Where a tumor has been identified in the patient, the tumor can be addressed by contacting the tumor with an aliquot of extracellular matrix sufficient to cover the tumor and contact all the abnormally growing cells possible. The tumor may also be resected and the space left by the removed tumor can be filled with extracellular matrix. The tumor growth can include, for example, any tumor stage. The composition can also be placed at a site of abnormal cell growth, which can cause an interruption of the abnormal cell growth, and a remodeling of the unhealthy tissue to new healthy tissue. Placing extracellular matrix at a site having cancer or precancer cells can serve to eliminate the cancer cells from the local tissue environment and so eliminate their potential for tumor formation in the body. Placing extracellular matrix in the tumor space can ensure that the tumor will not recur at the site of removal, and will additionally help to heal the tissue so that scarring and disfigurement is limited.

Means of placing the extracellular matrix at the site in the body where a tumor has been resected, or cancer cells are believed to exist, can be accomplished by surgically opening the site and accessing the tissue directly, or by percutanous or other minimally invasive access to the site of cancer or the site where cancer is believed to be. Direct injection of the extracellular matrix at the site either of abnormal cell proliferation or tumor resection may be preferred. A catheter may be able to resect the tumor or lesion of abnormal cells and afterwards apply a coating of extracellular matrix in an injectable, emulsion or spray, for example. Solid pieces of extracellular matrix can be sutured, stapled, glued, or otherwise attached at a site. Plugs, pellets or other pieces of extracellular matrix can be placed or attached at the site using an appropriate attachment means, such a glue or suture.

The compositions of the invention are pharmaceutical compositions which mean that they are acceptable for administration in humans and meet the standards required by the FDA. Any exipient used to make the composition, as with the liquid or semi-solid pharmaceutical compositions are made using pharmaceutically acceptable exipients so that the final composition is suitable, safe and effective for use in humans.
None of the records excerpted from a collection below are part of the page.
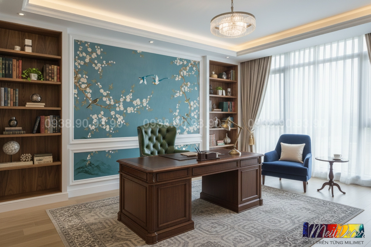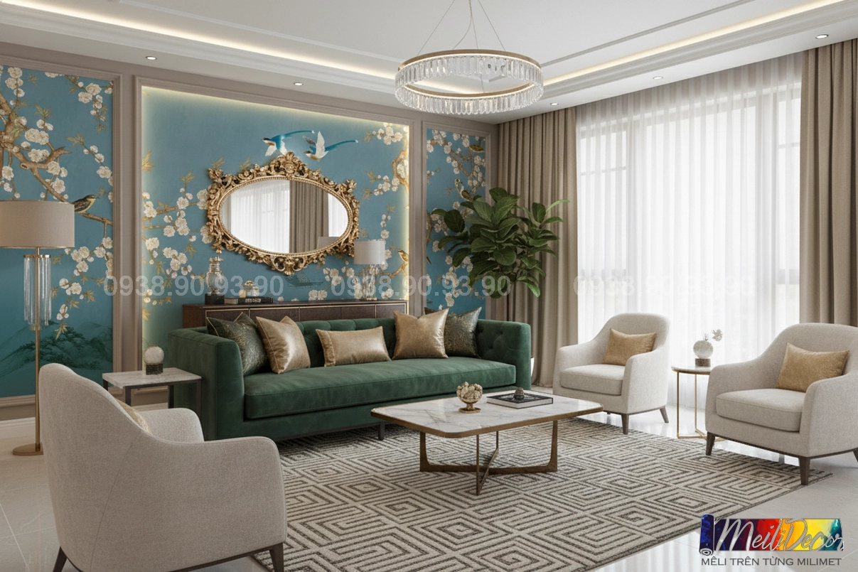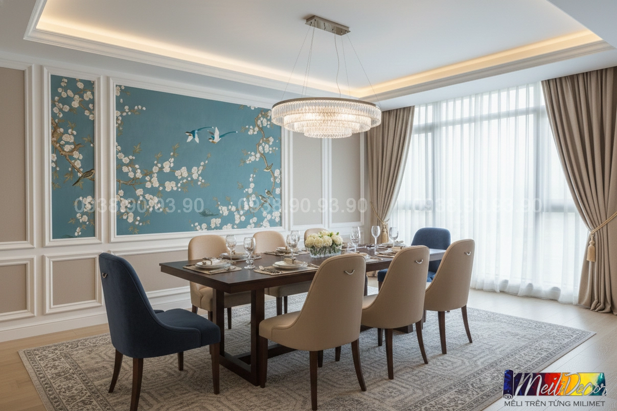 Meili Decor chuyên thi công tranh dán tường Indochine tại TP.HCM và các tỉnh lân cận, nhận in tranh theo kích thước thực tế, phù hợp cho nhà phố, căn hộ, nhà hàng, quán cafe, spa và nhiều không gian khác.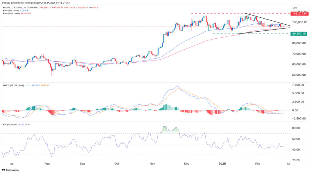 Turning to the daily chart, we see that Bitcoin has been in a tight range since November last year when it jumped to $108,277. It has formed a double-top pattern at that level whose neckline is at $89,200. A double-top is one of the most bearish patterns in technical analysis since it signals that bulls are afraid of placing bets above that price.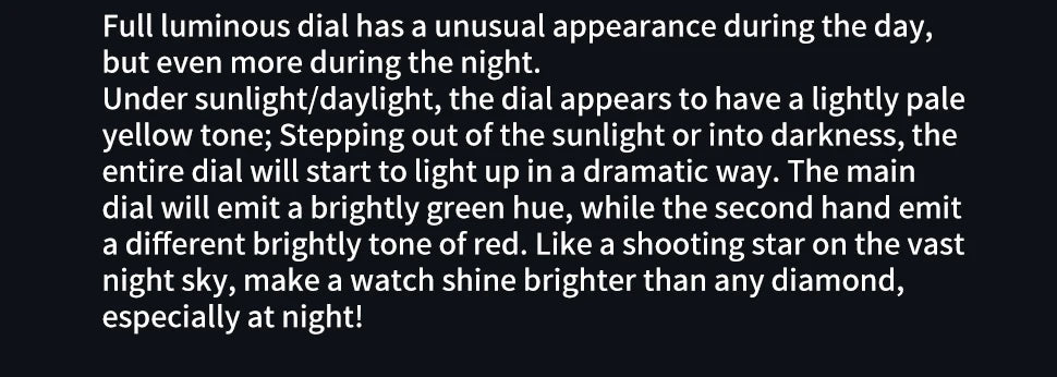 3.Red Luminous Seconds Hand with a C3 Super Luminous watch dial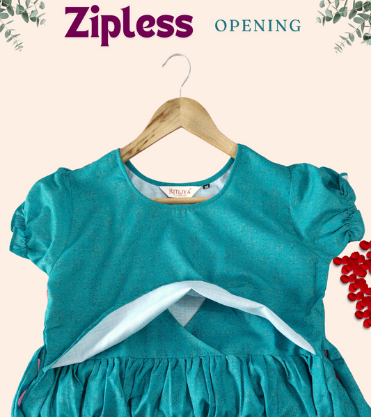 Peacock Green Cotton Printed Flared Zipless Feeding Kurta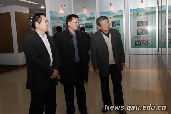 在学校发展成就展览馆,戴洪义副校长向潘海平副司长、李安宁副站长详细汇报了我校的建设发展历史以及近年来学科专业建设、人才培养、科学研究、社会服务等方面的发展情况。潘海平副司长、李安宁副站长对我校近年来各项事业取得的成绩给予了充分肯定。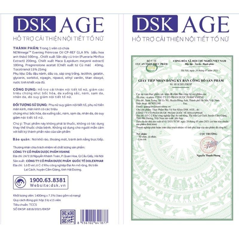 ✨Viên uống nội tiết tố nữ DSK AGE giúp cân bằng nội tiết tố, giúp giảm nám, sạm da, nhăn da giúp da săn chắc - Hộp 3 Lọ x 15 Viên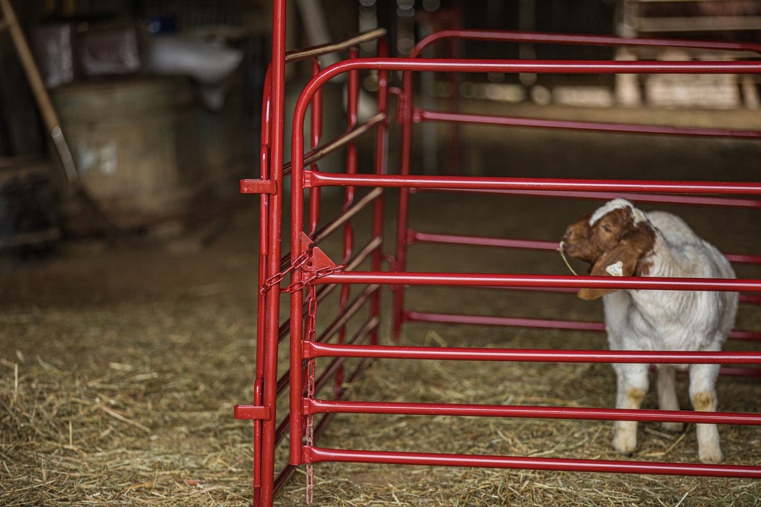 The Tarter Red Flat-top Steel Corral Gate offers a robust and versatile solution for small animal containment. Its powder-coated steel ensures durability and corrosion resistance, making it a reliable choice for enclosing goats, sheep, and other small livestock.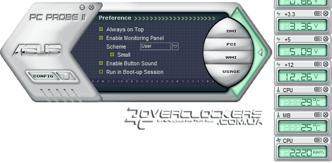 Утилита PC Probe II позволяет отслеживать данные мониторинга напряжений, температур и скорости вращения вентилятора. На отдельной вкладке отображается уровень загрузки оперативной памяти, процессора и распределение свободного места на HDD.

The pharmaceutical compositions include an extracellular matrix component, and may also include derivatives or active agents related to it, and also possibly additional pharmaceutical agents that complement, or otherwise contribute to the function of the composition as a whole, such as a carrier, exipient, anti-cancer drug or the like.

By an “effective” amount or a “therapeutically effective amount” of a pharmacologically active agent such as the extracellular matrix it is meant that a nontoxic but sufficient amount of the agent is used in the composition to provide the desired effect of facilitating growth inhibition of abnormally proliferating cells, healing of wounded tissue, or inhibition of tumor recurrence.

Experimental

For these experiments 1-4, mice are selected for testing the invention. The genes of mice are similar to humans and so mice provide a suitable initial animal model for testing cancer treatments. Jackson laboratory has several strains of mice available that are appropriate for experiments involving the invention. Notably, several JAX® mice have been bred for increased tumor incidence: (JAXmice.jaxorg/models/cancer)

A/J 000646

BALB/cByJ (000651)

CBA/CaJ (000654)

In addition several strains have been developed with special specific propensities:

C57BL/6J-ApcMIN (002020)—propensity to develop adenomas

FVB/N—TgN (MMTV neu) 202Mul (002376)—propensity towards mammary tumors

C57 BL/6—TgN (TRAMP) 8247Ng (003135)—propensity to develop prostate tumors

EXAMPLE 1 000654

As an initial experiment CBA/CaJ (000654) mice are selected. The 000654 mouse has an increased incidence of late onset mammary gland tumors, and also a propensity towards hematomas and lymphomas.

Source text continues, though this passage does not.